Мальчик был смышлён, книголюбив, только больно уж вспыльчив и не зело покорен. И оттого, что летами годился он Нестору во внуки, держал его летописец не в чёрном теле, как другие старцы своих послушников, сокрушая им рёбра посохами и таская за волосы при малейшей оплошке, а увещевал мальца кротостию и собственным примером труженика и человеколюбца. Но сие не всегда достигало цели. И сейчас, увидев Володю, Нестор улыбнулся мальчику, а тот, стыдясь того, что сегодня выказал себя лежебокой и восстал ото сна намного позже старца, покраснел до корней рыжих своих волос и не знал, куда девать от великого стыда зелёные свои очи. Да и как было не стыдиться отроку пред столь почтенным старцем?
Знал Володя, что его благодетель прославлен неусыпными своими трудами не только в их собственной честной обители, но знаменит и во всех концах славянских земель, и в Греции - на далёкой Святой горе Афонской, и в Византии, и даже во Фряжских монастырях, кои подвластны Римскому Папе.
- Благослови, отче праведный, - смущённо проговорил Володя и подошёл к наставнику, низко склонив голову.
"Вот что значит молодость, - подумал старец. - Никаких забот, никаких дум - лёг и уснул, проснулся - и опять хорош", - и, чуть завидуя мальчику, сказал:
- Поди к келарю, возьми какую ни есть еду. Мне попроси молочка да сухарей, а себе - чего-нибудь иного скоромного, хотя и говяды.
Послушники-келейники часто выбирали себе в исповедники старцев, с коими делили келью. Был духовником Володаря и Нестор, и потому у мальчика не имелось от него никаких тайн. Да и как им быть, когда не только весь божий день, но и все ночи находился послушник возле своего наставника?
И потому в их отношениях чистосердечие было неписаным законом. Зная это и не желая неловкости из-за того, что ныне выглядел он лежебокой, Володя сказал:
- Проспал я, честный отче, оттого что уснул только под утро.
- Чего так?
- Да вчерась, с благословения твоего, ходил я в Киев встречать Ярослава Святополковича с воями его, а возвернувшись, так из-за всего, что видел и слышал, взволновался, что и заснуть до самого утра никак не мог.
- Чего так? - удивился Нестор.
- Разгорячился я, - признался Володя, - как вспомнил князя Ярослава, молодого, сильного да красивого, в зеркальном доспехе, в алом плаще, на белом коне дивных статей. А за ним воев его, радостных, горделивых, а за ними множество пленных ятвягов да иных пруссов, кои станут теперь их рабами, да табун коней, да возы с добром. А тут ещё услышал, как люди вокруг стали говорить, что княжич Ярослав завтра зашлёт сватов к Мстиславу Владимировичу, в Новгород, чтобы взять дочь его за себя.
"Вот и роднятся ещё более Святополк с Мономахом, ибо Мстислав Новгородский - старший его сын, - подумал Нестор. - Да вроде бы неладно, что берёт Ярослав за себя свою двоюродную сестру. Ну, ин ладно, какое нам дело до княжеских утех да союзов? Стало быть, так надо, да и Руси от того никаких проторей нет".

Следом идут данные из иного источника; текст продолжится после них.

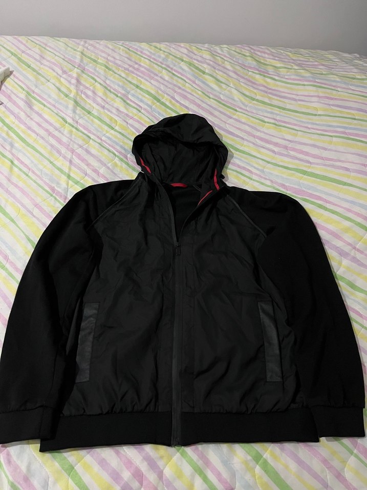 Bu siyah kapüşonlu ceket, sentetik kumaştan yapılmış, fermuarlı ve tam kolludur. Dış mekan kullanımı için uygundur.

А Володя меж тем продолжал:
- И вспомнил я, в обитель возвернувшись, зело громкий колокольный звон, да клики "Слава!*, да цветы, что бросали юницы и девы ратникам Ярослава. - И помолчав немного, вдруг сказал: - Любо мне, отче, ратное строение и часто мню я себя дружинником, от того и горячусь и приходят ко мне видения суетные, чернецу невместные. - И раскрываясь до конца, немного стыдясь того, о чём хотел сказать, Володя проговорил: - Приходят ко мне во снах и архангелы, мечами опоясанные, и отроковицы, очами и телесами вельми смущающие меня.
"Вот что значит молодость", - снова подумал Нестор, но уже не добавил к сему, что нет у неё никаких забот и никаких дум.
Ещё раз, как-то по-новому взглянув на Володаря, увидел вдруг Нестор не отрока, но юношу, вспомнил себя в такую же пору и соединил лета его с тем, что было на дворе. А за стенами обители стоял месяц травень, и смерды сеяли в тёплую землю рожь и овёс, начиная с Егория весеннего, и шли юницы и юноши в зеленеющие рощи слушать соловьиные трели. И глядели старики, какова на Николин день трава, а мальцы начинали выгонять лошадей в ночное и сидели от заката солнца до восхода у жарко горящих костров, учиняя игрища, в коих, что греха таить, немало было и языческого.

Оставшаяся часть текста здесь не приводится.